Windows 7 Virtual PC FTW (For The Win) for virtual workstation development
I have constantly fought both Virtual PC and VM Workstation when working on virtual machines for development purposes. While VMWare had the features I liked it also had a price tag and a rather smug attitude. I usually ended up having to use the free version of VMWare which was crippled or Virtual PC which was not much better. Both were missing features that I wanted.
Now that I am using Windows 7 on my developer laptop I figured I would put the Virtual PC through its paces and see if they finally solved my pain points. At this point is has been over a week and I am sold on Win 7 and virtual pc.
1. Removed the annoying system tray application.

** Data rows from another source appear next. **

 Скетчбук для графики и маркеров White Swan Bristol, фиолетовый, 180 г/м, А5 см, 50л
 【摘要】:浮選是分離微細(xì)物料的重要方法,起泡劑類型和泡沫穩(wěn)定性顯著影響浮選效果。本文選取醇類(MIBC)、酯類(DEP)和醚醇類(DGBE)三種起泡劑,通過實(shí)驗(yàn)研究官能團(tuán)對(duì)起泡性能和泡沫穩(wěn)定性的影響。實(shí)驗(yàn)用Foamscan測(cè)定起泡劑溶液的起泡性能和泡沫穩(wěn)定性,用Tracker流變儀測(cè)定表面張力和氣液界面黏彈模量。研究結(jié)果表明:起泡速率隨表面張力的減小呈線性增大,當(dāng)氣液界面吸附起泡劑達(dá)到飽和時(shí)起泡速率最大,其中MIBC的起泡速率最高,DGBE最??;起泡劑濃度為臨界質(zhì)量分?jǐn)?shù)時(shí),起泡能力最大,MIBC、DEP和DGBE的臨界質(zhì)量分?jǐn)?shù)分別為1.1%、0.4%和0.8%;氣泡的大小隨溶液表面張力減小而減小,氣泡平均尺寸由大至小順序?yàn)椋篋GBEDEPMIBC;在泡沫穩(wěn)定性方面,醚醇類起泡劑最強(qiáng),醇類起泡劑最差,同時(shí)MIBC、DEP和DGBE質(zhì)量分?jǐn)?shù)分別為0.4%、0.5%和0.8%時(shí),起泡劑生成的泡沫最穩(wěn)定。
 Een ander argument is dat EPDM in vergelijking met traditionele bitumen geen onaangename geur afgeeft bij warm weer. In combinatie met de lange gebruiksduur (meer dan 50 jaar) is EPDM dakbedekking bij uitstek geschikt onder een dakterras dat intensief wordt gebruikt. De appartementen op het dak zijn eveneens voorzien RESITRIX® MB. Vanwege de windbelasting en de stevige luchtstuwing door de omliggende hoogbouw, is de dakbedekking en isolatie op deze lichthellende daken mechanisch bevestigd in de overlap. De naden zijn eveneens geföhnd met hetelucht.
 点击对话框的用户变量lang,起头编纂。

I know it is pretty nit picky but I just bothered me that I needed to run that little system tray application. That is gone now and when you go to your Virtual Machines it shows you all of them and the location that they are running from windows explorer.
2. Support for my USB devices
One of the uses for my Virtual PCs is to have a virtual machine that works with some of my devices like video camera or x10 that I want to work on a moments notice after I repave a machine. Virtual PC did not support this so I had to do this in VMWare before. See the USB menu and the Attach menu items below.

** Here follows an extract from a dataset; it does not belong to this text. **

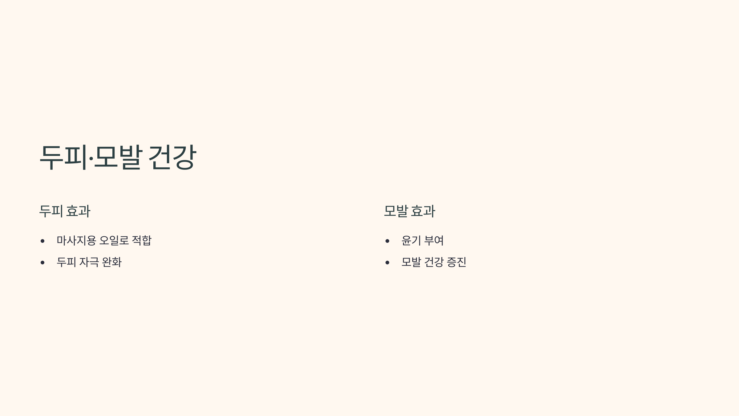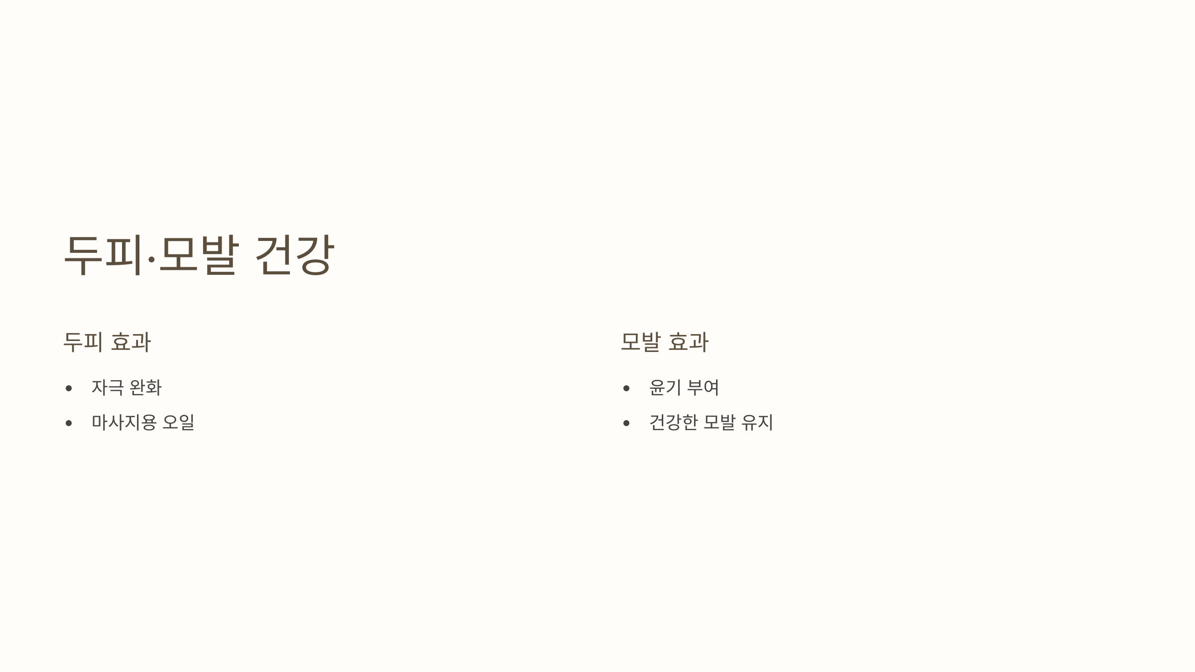두피에 바르면 가려움 완화, 탈모 예방에도 도움된다고 해요.

3. Connect to the Network over my Wireless Connection
This one was a real pain to deal with. VM Workstation could do this out of the box. Virtual PC would not. There was a work around where you could install a Loopback adaptor on your host machine and do some route commands to make the network work properly but it was a pain and not portable. No when I teach the Headspring Agile Bootcamp or other classes I can share the main setup for our Continuous Integration server over our wireless network. This makes it real easy to start the class and run this virtual machine from my machine or say copy it over to a machine on the network. Since we teach the class at different venues having this different options really help.
4. Access local drives
This seems like a pretty basic requirement but before Virtual PC had it but the free version of VM ware did not have it. The work around was to map a network drive but it was so slow.
What do you like or hate about Virtual PC?